Personagem considerado repulsivo até mesmo pela Força Aérea – à qual serviu como agente com diploma de “excelência”, mas em cujos quartéis foi rejeitado como preso, por isso enviado à penitenciária de segurança máxima de Punta Peuco, à companhia dos criminosos de lesa-humanidade, como “Mamo” Contreras e seu comando da DINA – V(B)erdugo participou do interrogatório e da sessão de tortura de Charles Horman, em setembro de 1973, uma das sequências mais dramátidas do filme de Costa Gavras.
Em março de 1973, recebeu ordens do ministro da Defesa, Patricio Carvajal, para apresentar-se a James Anderson, vice-cônsul dos EUA em Santiago, e acompanhá-lo ao Cemitério Geral com a finalidade de tentar encontrar o corpo de Horman e repatriá-lo a Nova York – cova clandestina que V(B)erdugo localizou sem pestanejar, porque havia acompanhado o enterro clandestino.
Em 1975, apresentando-se como “desertor” da ditadura, o agente refugiu-se na embaixada da Itália, em Santiago, onde permaneceu até setembro de 1977; período em que a embaixada acolheu centenas de refugiados autênticos, cujas fileiras, suspeita-se, o falso desertor tinha a missão de infiltrar.

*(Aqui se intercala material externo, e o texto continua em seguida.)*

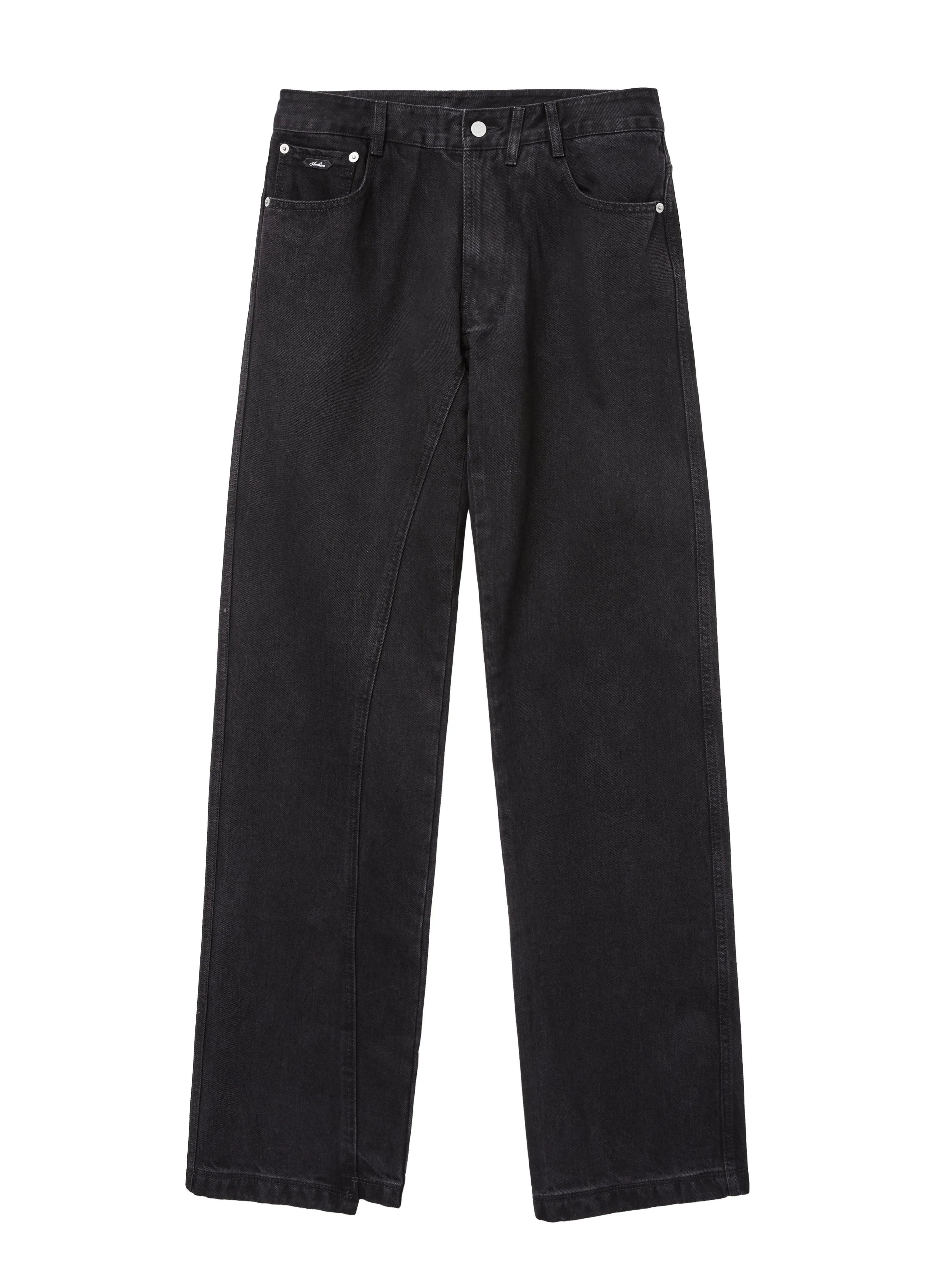 Bio-washed soft denim Button waist closure and zip fly Six belt loops along the waist Two side pockets and one coin pocket at front Two asymmetric back pockets Fully lined back pockets Diagonal in-seam detail Asymmetrical right hem construction ARCHIVE label on coin pocket Straight, relaxed fit Denim from Turkey Details YKK EXCELLA® zipper Logo engraved YKK CANTON® YKK revet Composition Fabric 1 : Cotton 100% Size Guide Size(Length/Waist/Thigh/Hem) S : 109.5cm/38cm/28.75cm/21.5cm M : 112.5cm/40.5cm/30cm/22.5cm L : 115.5cm/43.5cm/31cm/23.5cm XL : 118.5cm/45.5cm/32.5cm/24.5cm
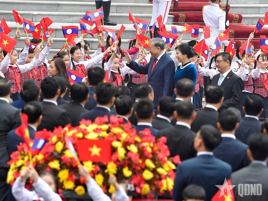 Tổng Bí thư Tô Lâm trân trọng mời Tổng Bí thư, Chủ tịch nước Lào Thongloun Sisoulith bước lên bục danh dự. Những loạt đại bác vang lên hùng tráng. Quân nhạc cử quốc thiều hai nước. Tổng Bí thư Tô Lâm mời Tổng Bí thư, Chủ tịch nước Lào Thongloun Sisoulith duyệt Đội danh dự Quân đội nhân dân Việt Nam. Sau duyệt đội danh dự, Tổng Bí thư Tô Lâm và Tổng Bí thư, Chủ tịch nước Lào Thongloun Sisoulith giới thiệu các thành viên đoàn đại biểu cấp cao hai nước tại lễ đón.

Durante sua permanência na representação italiana, V(B)erdugo concedeu entrevista ao “Washington Post”, admitindo sua presença no ministério da Defesa, onde Horman foi submetido ao seu primeiro interrogatório, comandado pelo general Augusto Lutz, então chefe da inteligência militar, acompanhado, entre outros, por um norte-americano. Aquele interrogatório teria selado a sorte do jornalista norte-americano, segundo o agente, que ouviu o general dizer que “Horman sabia demais, tinha que desaparecer”. Na mesma embaixada, em 1977, V(B)erdugo foi interrogado pela CIA, à qual afirmou que “fui o único oficial da força aérea que participou da tomada do palácio La Moneda em 11 de setembro de 1973”; afirmação desmentida pela Força Aérea em 2003, cuja versão pretende que o agente só fora contratado em 1974.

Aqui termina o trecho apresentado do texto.